= Work to be completed =
Set every line of the data down again exactly, and keep the pictures out.

= Provided information =
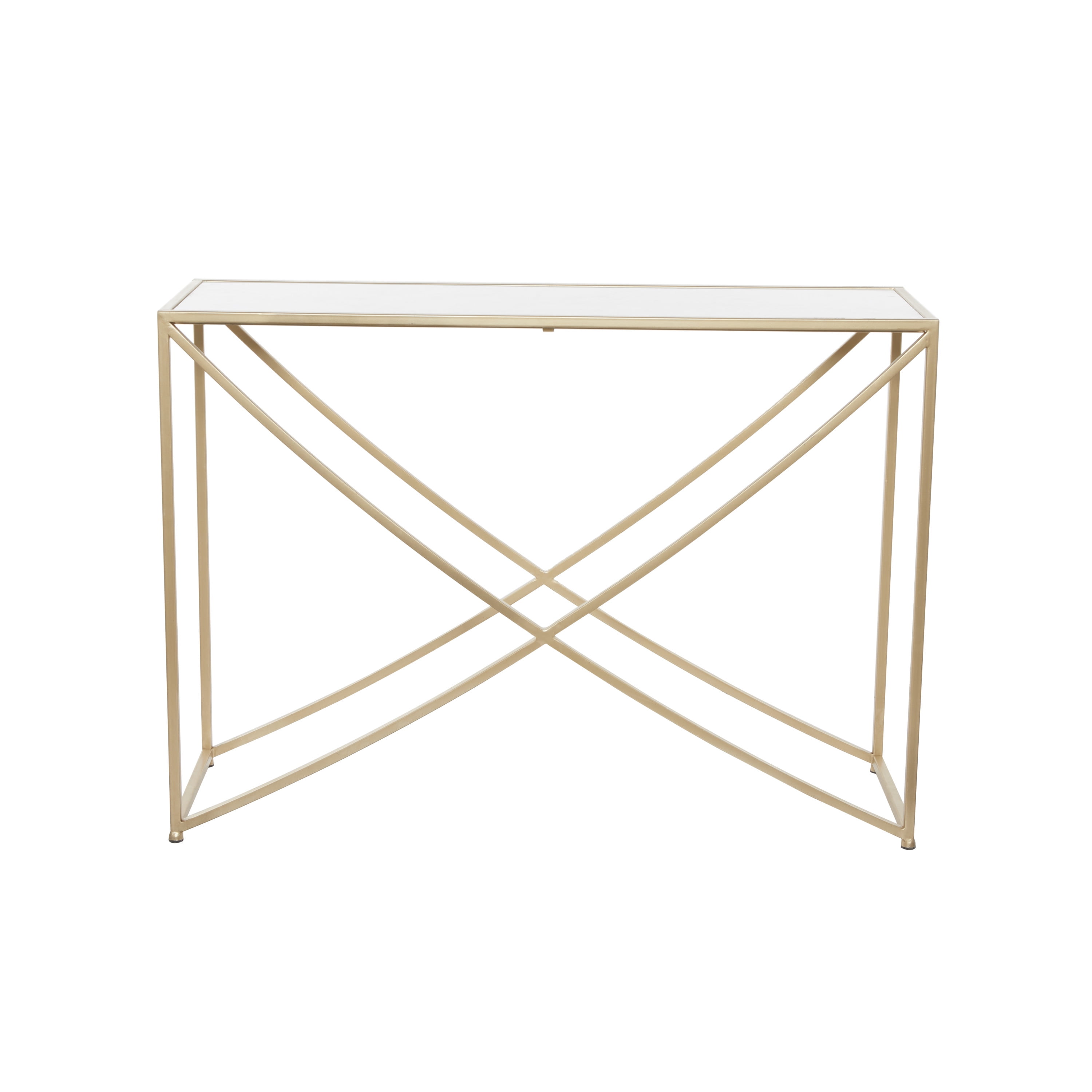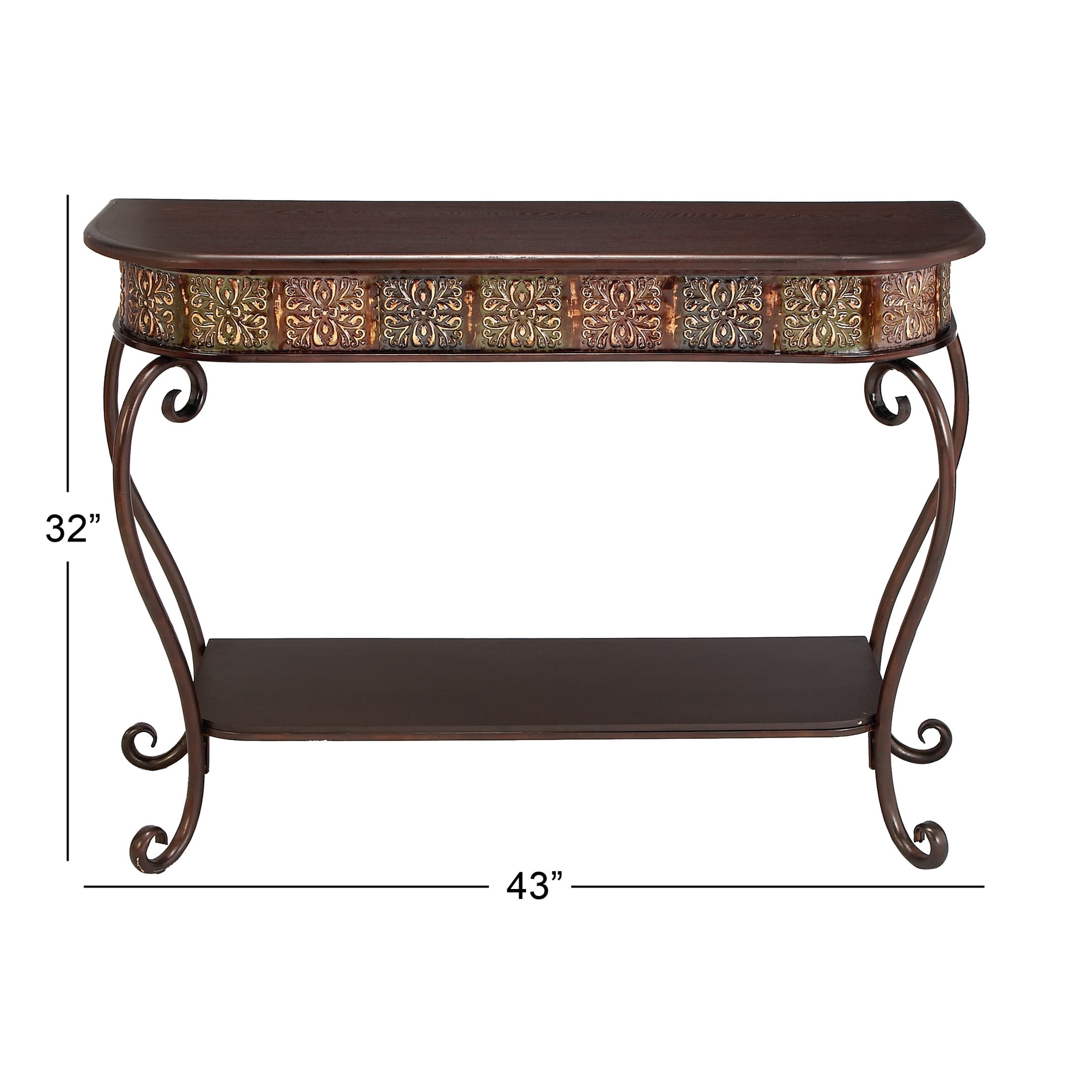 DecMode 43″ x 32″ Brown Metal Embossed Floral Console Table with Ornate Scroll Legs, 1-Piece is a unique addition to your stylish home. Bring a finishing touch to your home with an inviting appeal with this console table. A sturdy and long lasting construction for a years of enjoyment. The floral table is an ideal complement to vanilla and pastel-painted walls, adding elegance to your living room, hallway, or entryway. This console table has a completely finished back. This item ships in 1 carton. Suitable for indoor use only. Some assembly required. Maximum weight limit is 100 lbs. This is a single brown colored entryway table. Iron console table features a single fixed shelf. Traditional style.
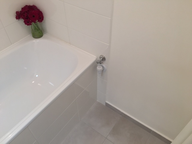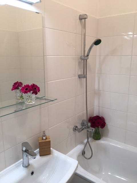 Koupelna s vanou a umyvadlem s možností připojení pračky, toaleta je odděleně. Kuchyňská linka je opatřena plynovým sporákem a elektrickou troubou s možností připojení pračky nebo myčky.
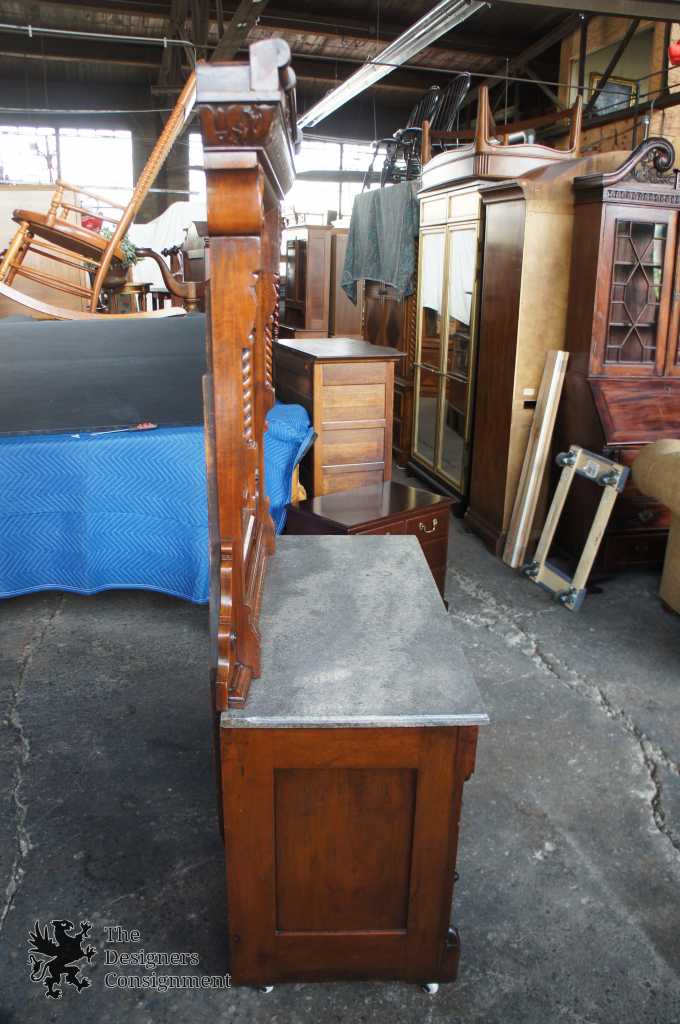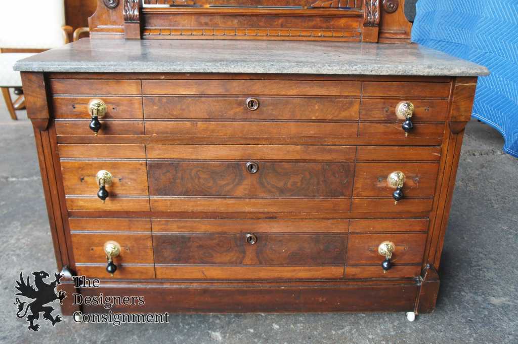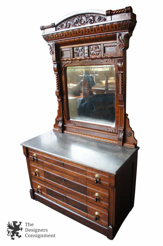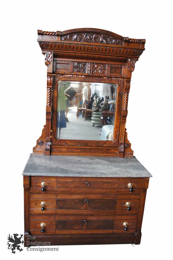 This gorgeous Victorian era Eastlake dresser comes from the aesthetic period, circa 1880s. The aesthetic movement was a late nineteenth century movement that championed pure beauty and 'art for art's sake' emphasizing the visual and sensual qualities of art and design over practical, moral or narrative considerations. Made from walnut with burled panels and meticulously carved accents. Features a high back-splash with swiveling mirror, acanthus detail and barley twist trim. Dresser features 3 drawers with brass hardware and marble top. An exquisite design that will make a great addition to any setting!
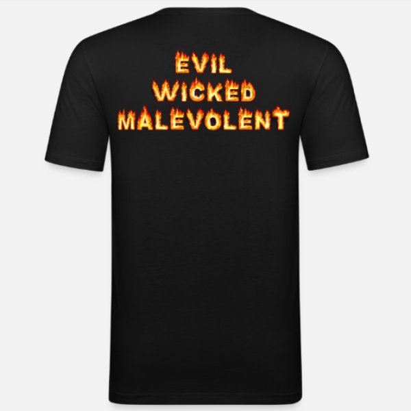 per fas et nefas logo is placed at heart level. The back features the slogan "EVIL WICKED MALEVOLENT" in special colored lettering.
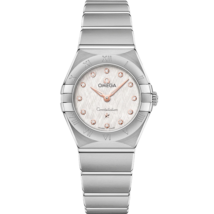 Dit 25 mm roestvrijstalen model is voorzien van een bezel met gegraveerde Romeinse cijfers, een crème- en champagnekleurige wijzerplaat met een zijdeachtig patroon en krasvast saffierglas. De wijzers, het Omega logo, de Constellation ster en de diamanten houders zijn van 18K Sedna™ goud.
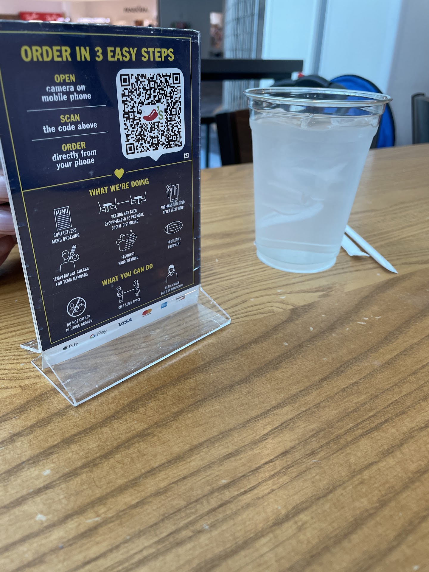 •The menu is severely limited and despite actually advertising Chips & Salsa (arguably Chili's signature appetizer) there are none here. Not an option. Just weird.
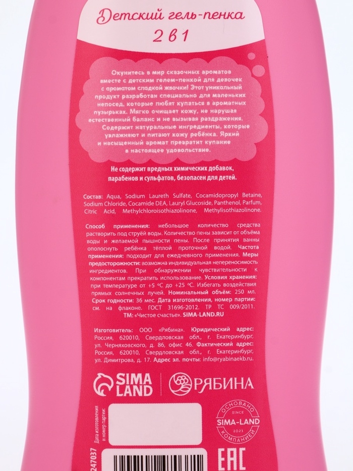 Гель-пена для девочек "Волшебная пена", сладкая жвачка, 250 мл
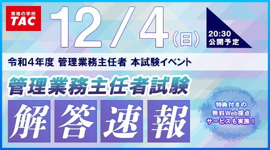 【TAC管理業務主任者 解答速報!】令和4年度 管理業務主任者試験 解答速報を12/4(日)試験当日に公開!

= Solved exercise =
 DecMode 43″ x 32″ Brown Metal Embossed Floral Console Table with Ornate Scroll Legs, 1-Piece is a unique addition to your stylish home. Bring a finishing touch to your home with an inviting appeal with this console table. A sturdy and long lasting construction for a years of enjoyment. The floral table is an ideal complement to vanilla and pastel-painted walls, adding elegance to your living room, hallway, or entryway. This console table has a completely finished back. This item ships in 1 carton. Suitable for indoor use only. Some assembly required. Maximum weight limit is 100 lbs. This is a single brown colored entryway table. Iron console table features a single fixed shelf. Traditional style.
 Koupelna s vanou a umyvadlem s možností připojení pračky, toaleta je odděleně. Kuchyňská linka je opatřena plynovým sporákem a elektrickou troubou s možností připojení pračky nebo myčky.
 This gorgeous Victorian era Eastlake dresser comes from the aesthetic period, circa 1880s. The aesthetic movement was a late nineteenth century movement that championed pure beauty and 'art for art's sake' emphasizing the visual and sensual qualities of art and design over practical, moral or narrative considerations. Made from walnut with burled panels and meticulously carved accents. Features a high back-splash with swiveling mirror, acanthus detail and barley twist trim. Dresser features 3 drawers with brass hardware and marble top. An exquisite design that will make a great addition to any setting!
 per fas et nefas logo is placed at heart level. The back features the slogan "EVIL WICKED MALEVOLENT" in special colored lettering.
 Dit 25 mm roestvrijstalen model is voorzien van een bezel met gegraveerde Romeinse cijfers, een crème- en champagnekleurige wijzerplaat met een zijdeachtig patroon en krasvast saffierglas. De wijzers, het Omega logo, de Constellation ster en de diamanten houders zijn van 18K Sedna™ goud.
 •The menu is severely limited and despite actually advertising Chips & Salsa (arguably Chili's signature appetizer) there are none here. Not an option. Just weird.
 Гель-пена для девочек "Волшебная пена", сладкая жвачка, 250 мл
 【TAC管理業務主任者 解答速報!】令和4年度 管理業務主任者試験 解答速報を12/4(日)試験当日に公開!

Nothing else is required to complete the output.